Acontece que Akinola Davies Jr. arrecadou um galardão com o seu filme My Father’s Shadow e, no momento do discurso, teceu palavras de solidariedade para com «aqueles que estão sob ocupação, ditadura, perseguição e aqueles que estão a sofrer genocídio».

Como se tal não fosse já inequívoco, o cineasta, escritor e artista visual britânico-nigeriano foi ainda mais longe com a sua coragem: «Para aqueles que estão a assistir em casa, arquivem os vossos entes queridos, arquivem as vossas histórias de ontem, de hoje e de sempre. Pela Nigéria, por Londres, pelo Congo, pelo Sudão, pela Palestina Livre», disse.
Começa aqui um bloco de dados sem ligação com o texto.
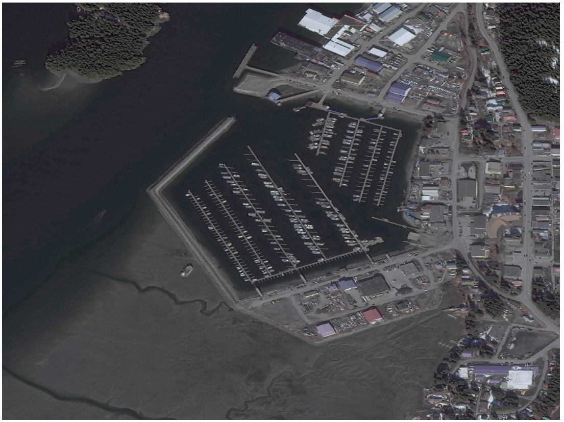
Aerial of the Cordova Small Boat Harbor, April 2014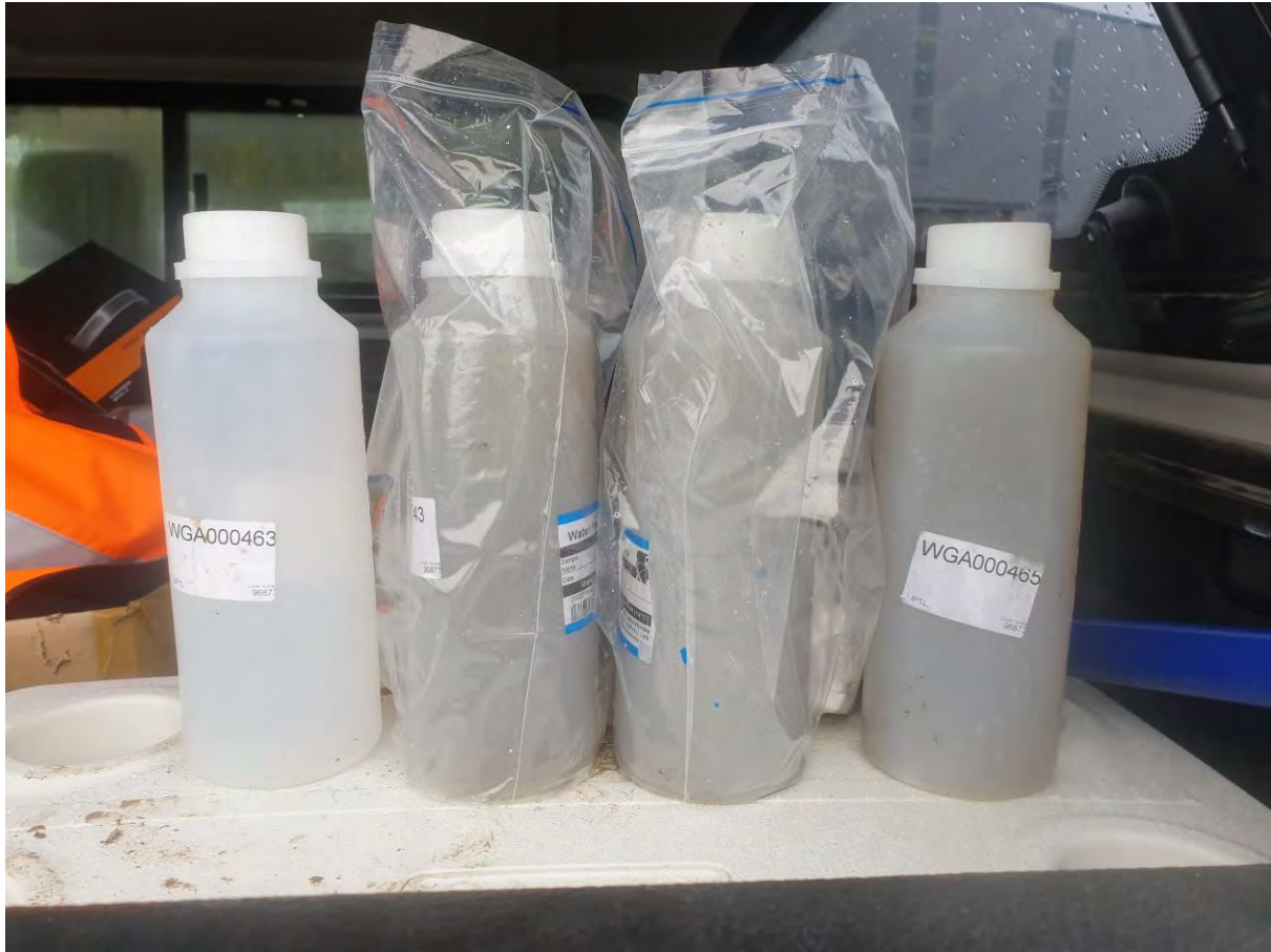
Photo 3 Water samples collected on 3 July 2019

As the samples were collected only eight minutes apart, the effect of any progression of the rainfall event on the suspended solids loading in the tributary is likely to have been minimal.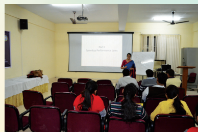
One week FDP on Computational Complexity.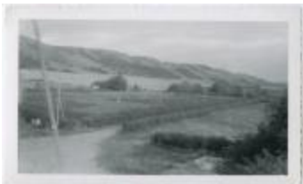
Road leading out from the school to the Principal's Residence with the Qu'Appelle hills in the background, Round Lake, Sask. (13d-c5710-d26)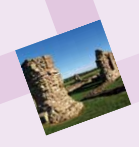
Opening Times: Any reasonable time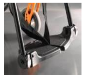
Divided footplate composite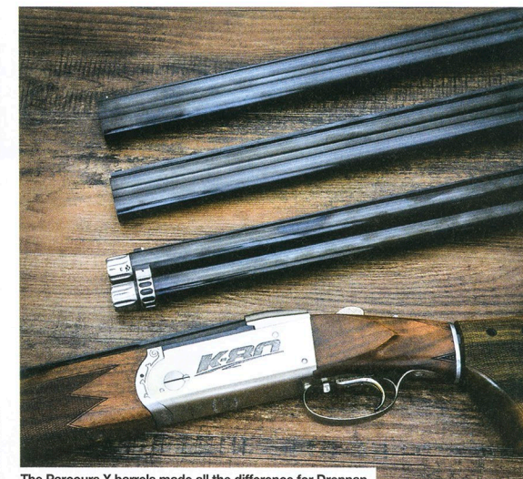
The Parours X barrels made all the difference for Drennan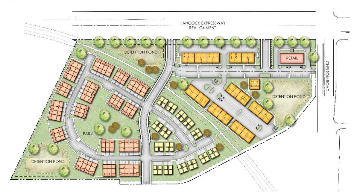
Figure 2. Hancock Commons Site Plan

Infrastructure improvements are a significant component of the development plan. Hancock Expressway will be re-routed and aligned along the north edge of the property. This realignment improves the street network and connectivity to the surrounding neighborhoods and will include an updated drainage system with a gravity sewer to serve the development on site.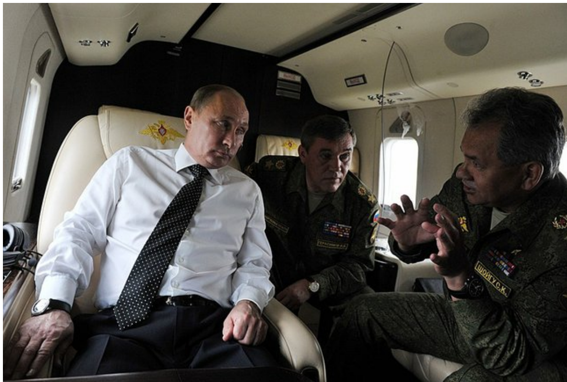
Putin with Chief of General Staff Valery Gerasimov (center) and Defense Minister Sergei Shoigu (right).

Zabaikalsk, which has abundant natural resources and access to the Trans-Siberian Railroad, is one of the poorest in the country. The unemployment rate is more than 10 percent, double the Russian average. Putin told local authorities that the way out is to develop entrepreneurial spirit and exploit the region's favorable geographical location.

Quem não gostou destas palavras foi a realização da BBC que, aproveitando o facto de estar a transmitir a cerimónia com um atraso de duas horas, cortou as palavras de Davies Jr., garantindo que as mesmas não chegavam aos telespectadores. 
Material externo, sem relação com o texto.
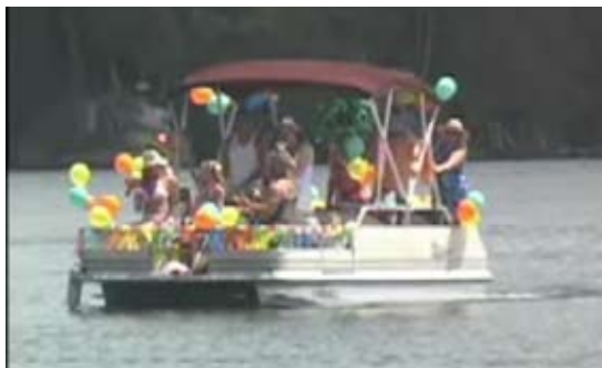
deLorraine's - Margaritaville.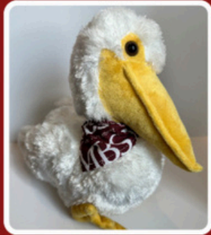
LOUIE THE PELICAN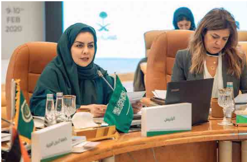
Dr. Hala bint Mazyad Al-Tuwaijri, Secretary-General of the Saudi Family Affairs Council, at the 39th session of the Arab Women Committee

The Arab Women Committee, a platform under the umbrella of the League of Arab States, has announced Riyadh as the capital of Arab women for 2020, under the slogan "Women are a homeland and an ambition."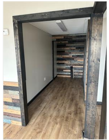
Empty room featuring wooden walls and wood-type flooring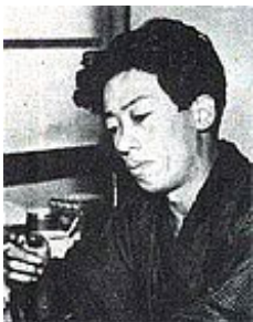
Kobayashi Takiji, subject of symposia in Tokyo and China

This essay offers an introduction to proletarian arts in East Asia in the 1920s and 1930s through a discussion of context and key issues such as modernism, communism, nationalism, imperialism, gender and representation, as well as attention to work on proletarian literature by contemporary scholars from around the world. It is based on the introduction to a special edition of positions: east asia cultures critique, Proletarian Arts in East Asia: Quests for National, Gender, and Class Justice 14:2 (Fall 2006), which grew out of the symposium at the University of Chicago in 2002. [2]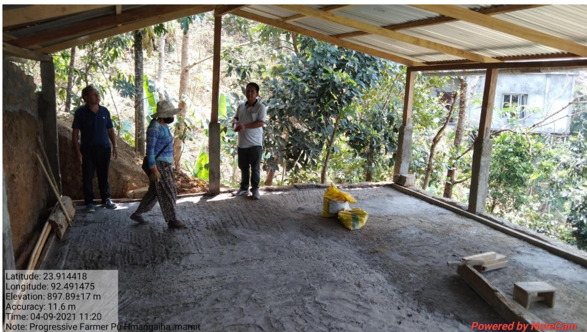
Pic: Pig Breeding Unit monitoring by DVO

Construction of Pig Housing was started on 7.3.2021 at Field Veng, Mausen road. Formerly, it was an empty land which was cleared for pig sty construction and earth work was done through convergence with MNREGA. The construction was done according to the detailed estimate for Construction of Pig Breeding Unit under FOCUS. Sum amount of Rs. 51167/- was released for 1 st Instalment for pig breeding unit on 11.2.2021.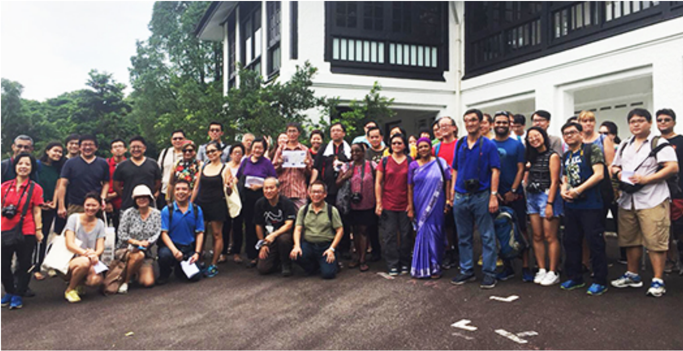
Visit to Adam Park Estate on 4 November 2017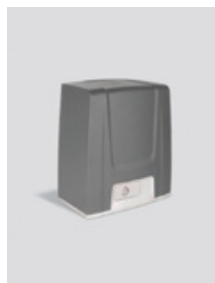
Connect with automatic door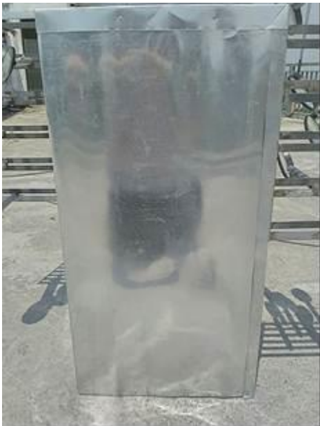
Fig. 2. Air Column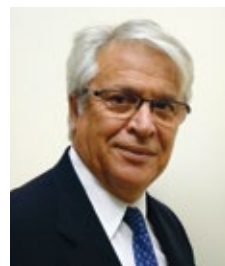
Dr. Joan Clos

Public spaces contribute to defining the cultural, social, economic and political functions of cities. They continue to be the first element to mark the status of a place from a chaotic and unplanned settlement to a well-established town or city.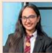
Kritika 8 th in HPU Merit-BBA

A polémica foi, no entanto, amplificada por um viés censório selectivo. Atendendo ao facto da transmissão ter sido em diferido, a realização da cerimónia deixou passar um insulto racial que fora proferido desde o público. O momento aconteceu enquanto Michael B Jordan e Delroy Lindo liam o vencedor do prémio de melhores efeitos visuais e soube-se, mais tarde, que o autor do insulto foi John Davidson, activista que sofre de Síndrome de Tourette que estava na cerimónia como convidado devido à nomeação da biopic I Swear, que relata a sua vida.
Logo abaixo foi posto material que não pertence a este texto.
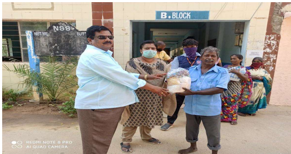
Provided provisions during Covid-19 to sweepers and helpers in our college (2021-2022)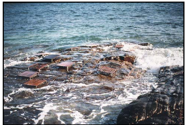
Fig. 2. Experimental units on intertidal area.

The answer is not to abandon observational studies but to lower our expectations of statistics. We cannot avoid using (un)natural (non)experiments when looking at large spatial and time scales - the scales that are often most relevant to conservation problems - but we have to realize their limitations. With a fully replicated and randomized manipulative experiment, confidence in the conclusions is based largely on the results of the statistical analysis – the effect size and p-value. This can never be true for observational studies, including natural and unplanned experiments. In these cases, confidence in the conclusions depends at least as much on the additional information (usually from additional studies or the literature) that allows us to separate the effects of interest from the influence of possible confounding variables. The results will never look as neat as they would be if we simply pretended that we had done an experiment, but they will be nearer the truth. It should also be noted that, while ecologists are typically most interested in the causes of differences, in many practical applications of ecological research (e.g. conservation, forestry and fisheries) the magnitude of the difference is more important than its precise cause. Foresters, for instance, want to know where their trees will grow best, while teasing apart the various factors responsible for differences in growth has a lower priority.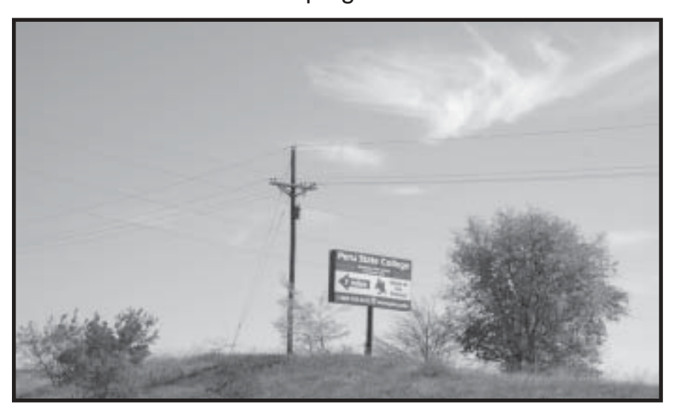
Southeast of Peru at the intersection of highways 67 and 136.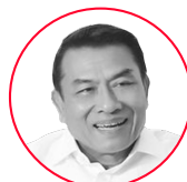
Moeldoko Chair of Periklindo Chief of Staff of Presidency

For further information please contact finance.logistics@g20-indonesia.id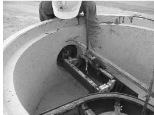
#4 POSITION ANTI FLOTATION BAR AND ADDITIONAL CHANNEL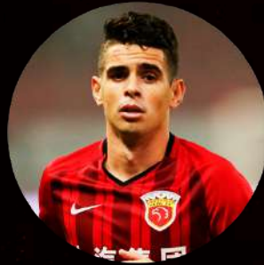
OSCAR SHANGHAI SIPG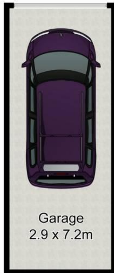
Garage 2.9 \times 7.2\text{m}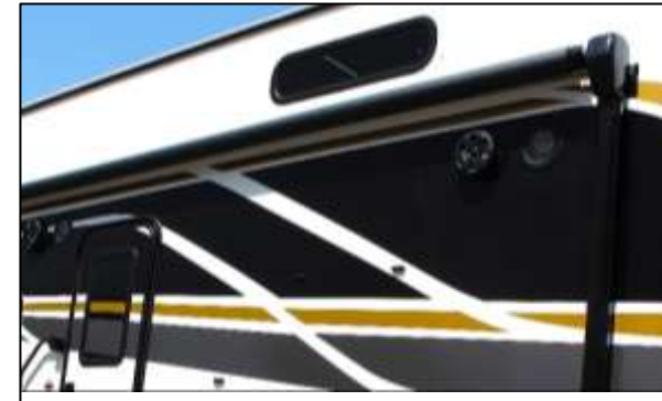
Powered Awning w/LED Strip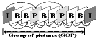
Figure 1: Prediction encoding of MPEG-4, GOP (N=9, M=3) (from CH-Lin et al [3])

predictive-coded) frame. The MPEG I frame is an independent frame which means both its encoding and decoding is said to be independent which means that it can be coded as a still image, with no relationship to any of its previous or successive frames. The P frame is however said to be dependent on its preceding I or P frame. Encoding P frame uses prediction from the preceding I or P frames in the video sequence. Therefore the P frame requires the information of the most recent I frame or P frame for encoding and decoding. The B frame is dependent on the preceding and succeeding I or P frames. It is encoded using predictions from the preceding and succeeding I or P frames. According to the coding relation, in MPEG-4 video stream the most significant video type is the I frame, with the P frame being more important than B frame [3].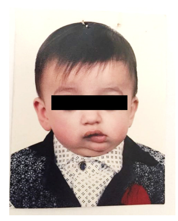
Figure 1. The frontal view of the baby showing the laterodeviation of mandible to the left.

Clinically, the child presented with left hemimandibular hypoplasia and low-set ears, whereas there were no other abnormal features including limbs (Figure 1).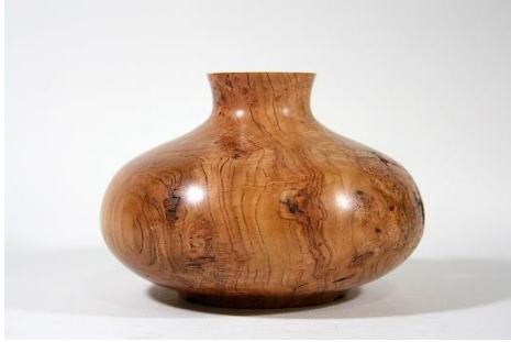
Geoff Purser – 7” Cherry Burl Hollow Vessel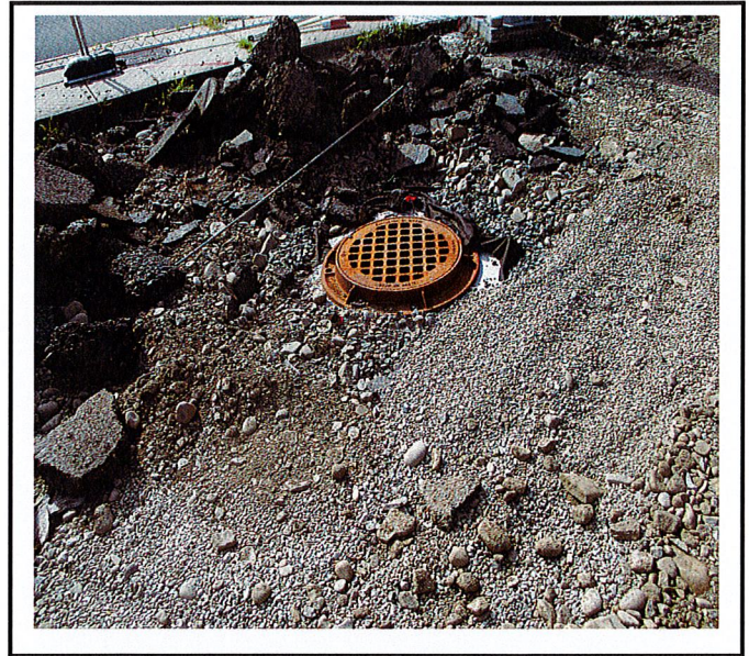
DW-5 no inlet protection installed.

A direccção da BBC já reagiu ao sucedido e pediu desculpas por não ter omitido o sucedido da transmissão do evento e disse que iria remover o insulto da versão da cerimónia disponível no seu serviço de streaming. «Alguns telespectadores podem ter ouvido linguagem forte e ofensiva durante o BAFTA Film Awards», disse o comunicado da estação. «Isso surgiu de tiques verbais involuntários associados à síndrome de Tourette e, conforme explicado durante a cerimónia, não foi intencional», explicou.

Já sobre a censura ao discurso de Akinola Davies Jr., a emissora nada disse. Segundo o noticiado, a Al Jazeera English, procurou questionar a BBC, porém, esta recusou-se a comentar sobre as suas decisões editoriais relativas aos prémios BAFTA.

Há praticamente um ano, a 28 de Fevereiro de 2025, o AbrilAbril noticiou que mais de 850 profissionais da imprensa e do cinema dirigiram uma carta à BBC, acusando-a de «racismo» e «censura», depois de ter retirado um documentário sobre a Faixa de Gaza. Um ano passado e a BBC continua a sofrer dos mesmos problemas, provando que o racismo tem espaço nas suas opções, ao contrário da solidariedade com os povos que sofrem com a guerra, opressão e massacre.